WHAT YOU HAVE TO DO - Word for word, retype the lines from the one containing "Trams on the" to the one containing "Wydawnictwo zwarte: Chmielewska-Gorczyca" below, keeping both end lines and dropping the pictures.

(Dataset entries)

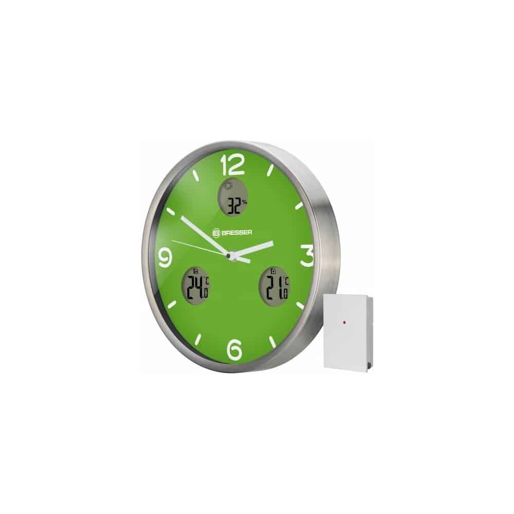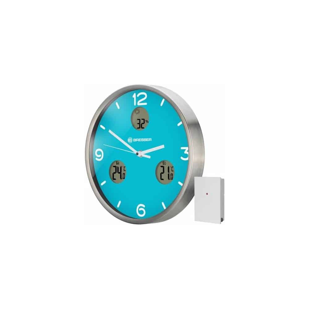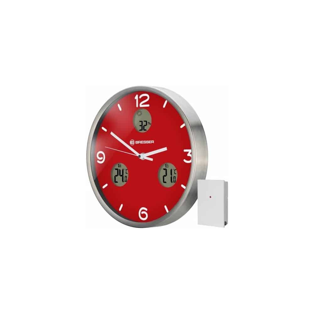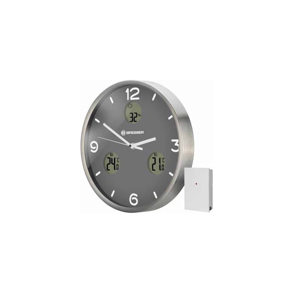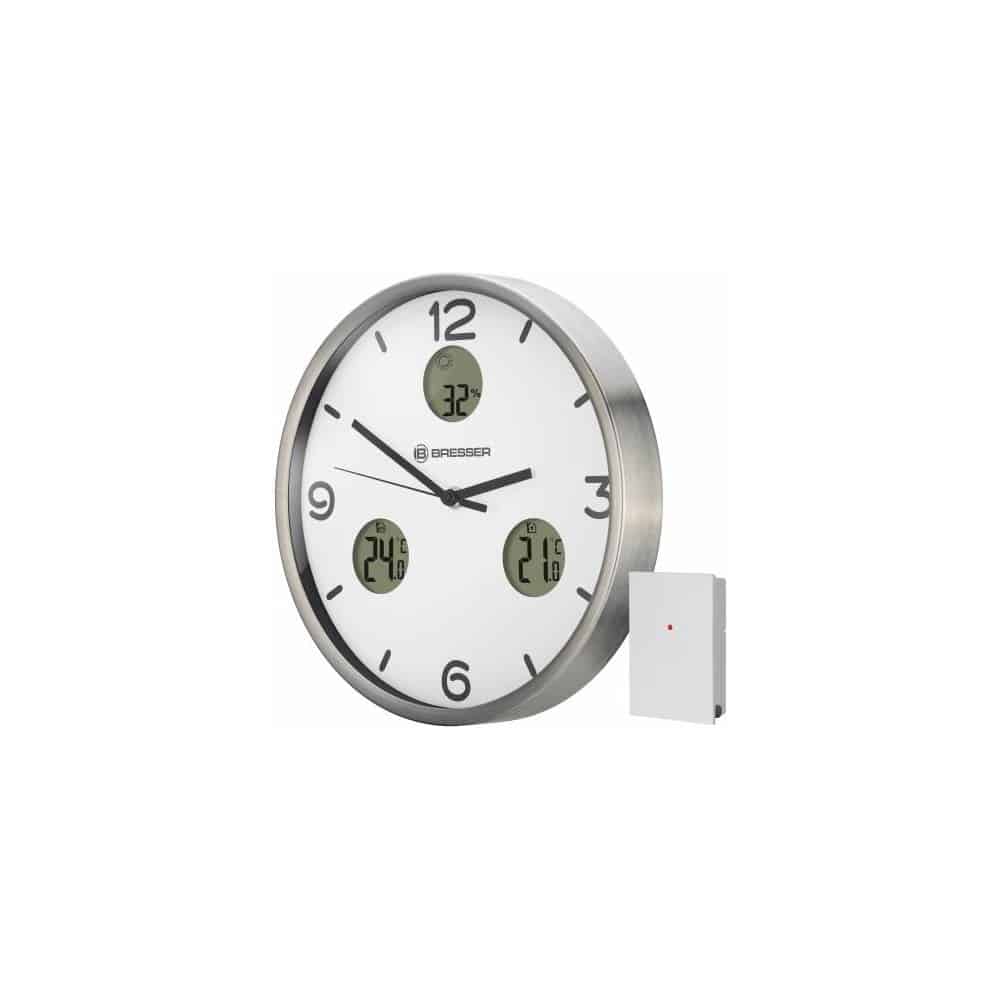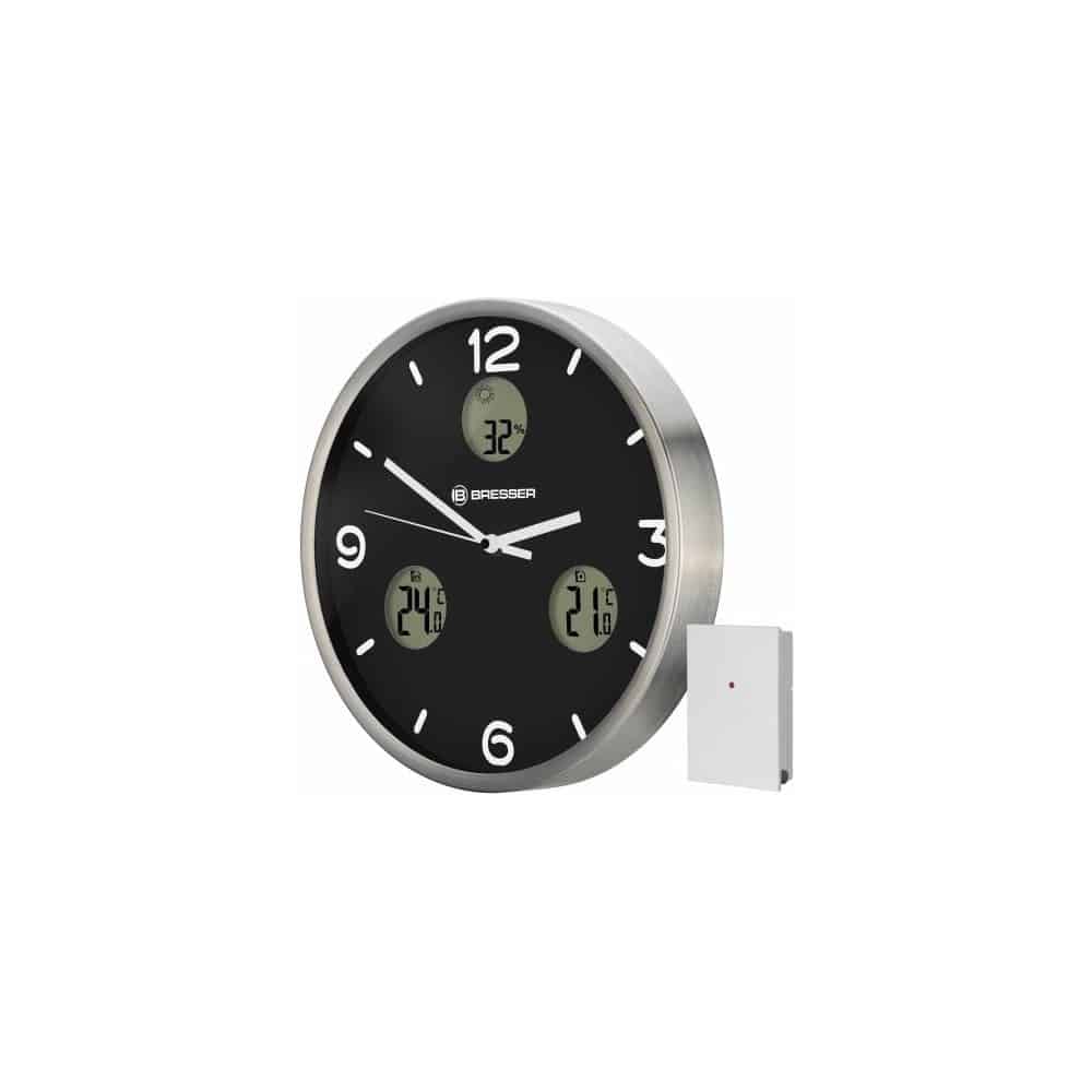 El reloj de pared BRESSER MyTime io muestra, además de la hora controlada por señal DCF, la temperatura interior y exterior, así como la humedad ambiental y una previsión del tiempo. El sensor inalámbrico exterior permite la transmisión de la temperatura exterior hasta un alcance de 30m (en abierto).
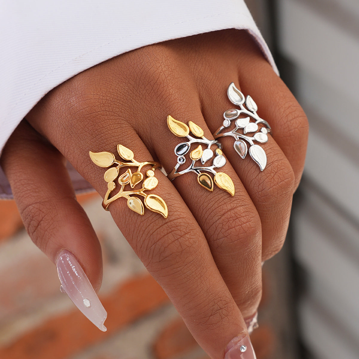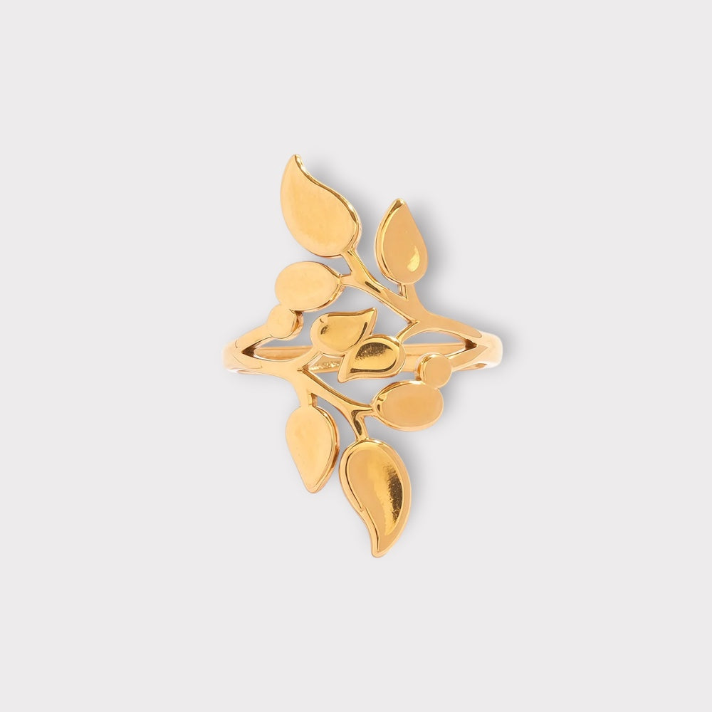 Elegant justerbar ring med et smukt bladdesign, der snor sig let og naturligt omkring fingeren. Ringen har et feminint og naturinspireret udtryk, som giver et eksklusivt look og gør den perfekt både til hverdag og fest.
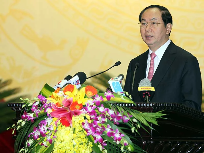 Chủ tịch nước Trần Đại Quang phát biểu chỉ đạo tại hội nghị. Ảnh: Đ.MINH
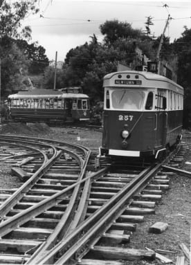 Trams on the move at MOTAT for the opening of the Tramway 16 December 1967. The WANGANUI 10 arrives, Photo: Graham Stewart
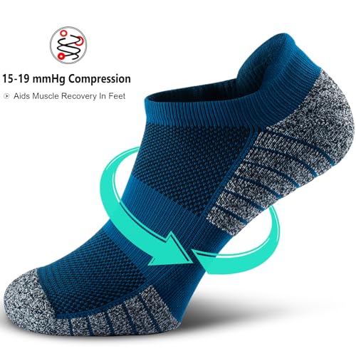 - No Show Compression Socks: 15-19 mmHg Compression will comfortably wrap around the feet and hug the muscles for ultimate comfort and improved performance
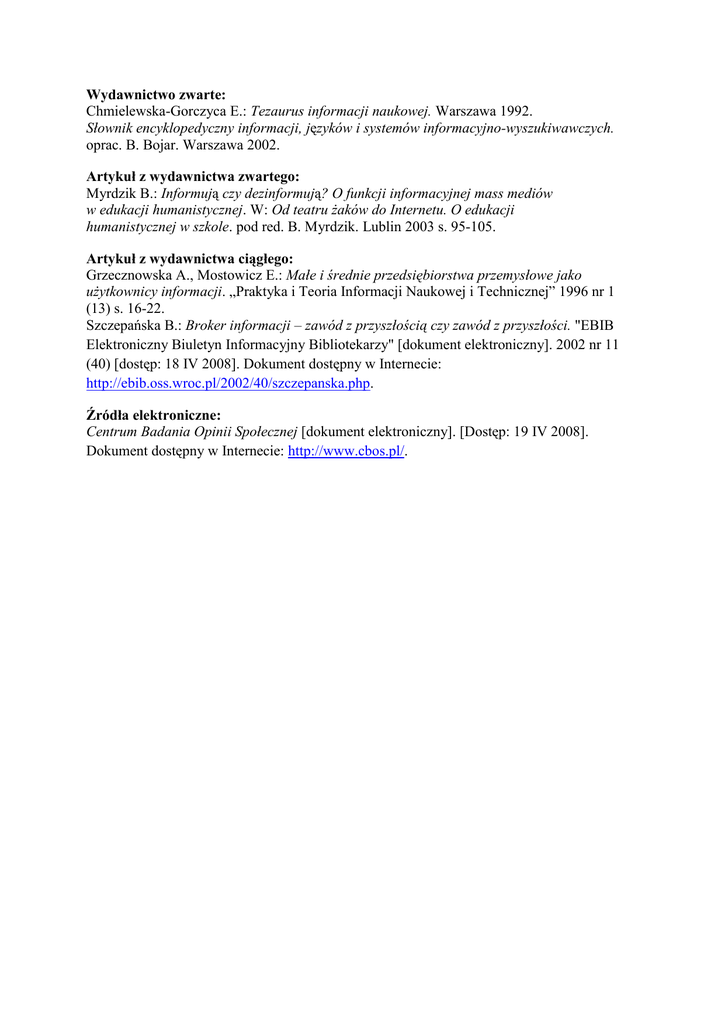 Wydawnictwo zwarte: Chmielewska-Gorczyca E.: Tezaurus informacji naukowej. Warszawa 1992. Słownik encyklopedyczny informacji, języków i systemów informacyjno-wyszukiwawczych. oprac. B. Bojar. Warszawa 2002. Artykuł z wydawnictwa zwartego: Myrdzik B.: Informują czy dezinformują? O funkcji informacyjnej mass mediów w edukacji humanistycznej. W: Od teatru żaków do Internetu. O edukacji humanistycznej w szkole. pod red. B. Myrdzik. Lublin 2003 s. 95-105. Artykuł z wydawnictwa ciągłego: Grzecznowska A., Mostowicz E.: Małe i średnie przedsiębiorstwa przemysłowe jako użytkownicy informacji. „Praktyka i Teoria Informacji Naukowej i Technicznej” 1996 nr 1 (13) s. 16-22. Szczepańska B.: Broker informacji – zawód z przyszłością czy zawód z przyszłości. "EBIB Elektroniczny Biuletyn Informacyjny Bibliotekarzy" [dokument elektroniczny]. 2002 nr 11 (40) [dostęp: 18 IV 2008]. Dokument dostępny w Internecie: http://ebib.oss.wroc.pl/2002/40/szczepanska.php. Źródła elektroniczne: Centrum Badania Opinii Społecznej [dokument elektroniczny]. [Dostęp: 19 IV 2008]. Dokument dostępny w Internecie: http://www.cbos.pl/.
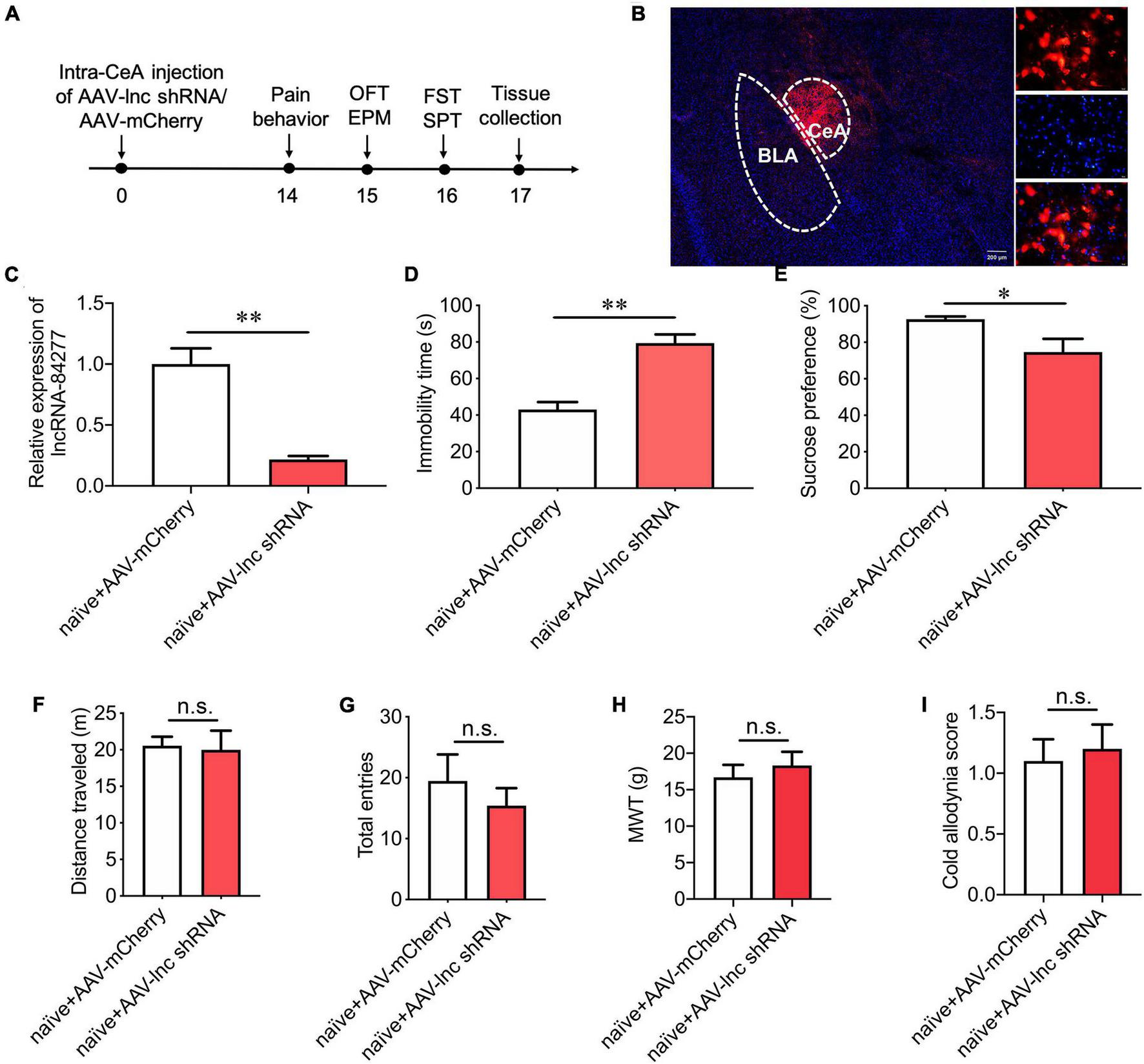 LncRNA-84277 knockdown in CeA induces depression-like behaviors in naïve rats. (A) Experimental timeline. (B) mCherry fluorescence in CeA after injection of an AAV vector carrying lncRNA-84277-specific shRNA (AAV-lnc shRNA). (C) RT-qPCR analysis of lncRNA-84277 expression in CeA after injection of AAV-lnc shRNA (n = 8). (D,E) Effect of lncRNA-84277 knockdown on depression-like behaviors in naïve rats assessed by the immobility time in the forced swim test (D) and sucrose consumption in the sucrose preference test (E) (n = 8–10). (F,G) Effect of lncRNA-84277 knockdown on locomotor activity in naïve rats assessed by the total distance traveled in the open field test (F) and the total entries to open arms and closed arms in the elevated plus-maze test (G) (n = 10–11). (H,I) Effect of lncRNA-84277 knockdown on sensory pain in naïve rats assessed by the mechanical withdrawal threshold (MWT) for mechanical allodynia (H) and the cold allodynia score for cold allodynia (I) (n = 10). All data are expressed as the mean ± SEM. *P < 0.05, **P < 0.01. n.s., not significant. OFT, open field test; EPM, elevated plus-maze test; FST, forced swim test; SPT, sucrose preference test.

EXPECTED OUTPUT -
 Trams on the move at MOTAT for the opening of the Tramway 16 December 1967. The WANGANUI 10 arrives, Photo: Graham Stewart
 - No Show Compression Socks: 15-19 mmHg Compression will comfortably wrap around the feet and hug the muscles for ultimate comfort and improved performance
 Wydawnictwo zwarte: Chmielewska-Gorczyca E.: Tezaurus informacji naukowej. Warszawa 1992. Słownik encyklopedyczny informacji, języków i systemów informacyjno-wyszukiwawczych. oprac. B. Bojar. Warszawa 2002. Artykuł z wydawnictwa zwartego: Myrdzik B.: Informują czy dezinformują? O funkcji informacyjnej mass mediów w edukacji humanistycznej. W: Od teatru żaków do Internetu. O edukacji humanistycznej w szkole. pod red. B. Myrdzik. Lublin 2003 s. 95-105. Artykuł z wydawnictwa ciągłego: Grzecznowska A., Mostowicz E.: Małe i średnie przedsiębiorstwa przemysłowe jako użytkownicy informacji. „Praktyka i Teoria Informacji Naukowej i Technicznej” 1996 nr 1 (13) s. 16-22. Szczepańska B.: Broker informacji – zawód z przyszłością czy zawód z przyszłości. "EBIB Elektroniczny Biuletyn Informacyjny Bibliotekarzy" [dokument elektroniczny]. 2002 nr 11 (40) [dostęp: 18 IV 2008]. Dokument dostępny w Internecie: http://ebib.oss.wroc.pl/2002/40/szczepanska.php. Źródła elektroniczne: Centrum Badania Opinii Społecznej [dokument elektroniczny]. [Dostęp: 19 IV 2008]. Dokument dostępny w Internecie: http://www.cbos.pl/.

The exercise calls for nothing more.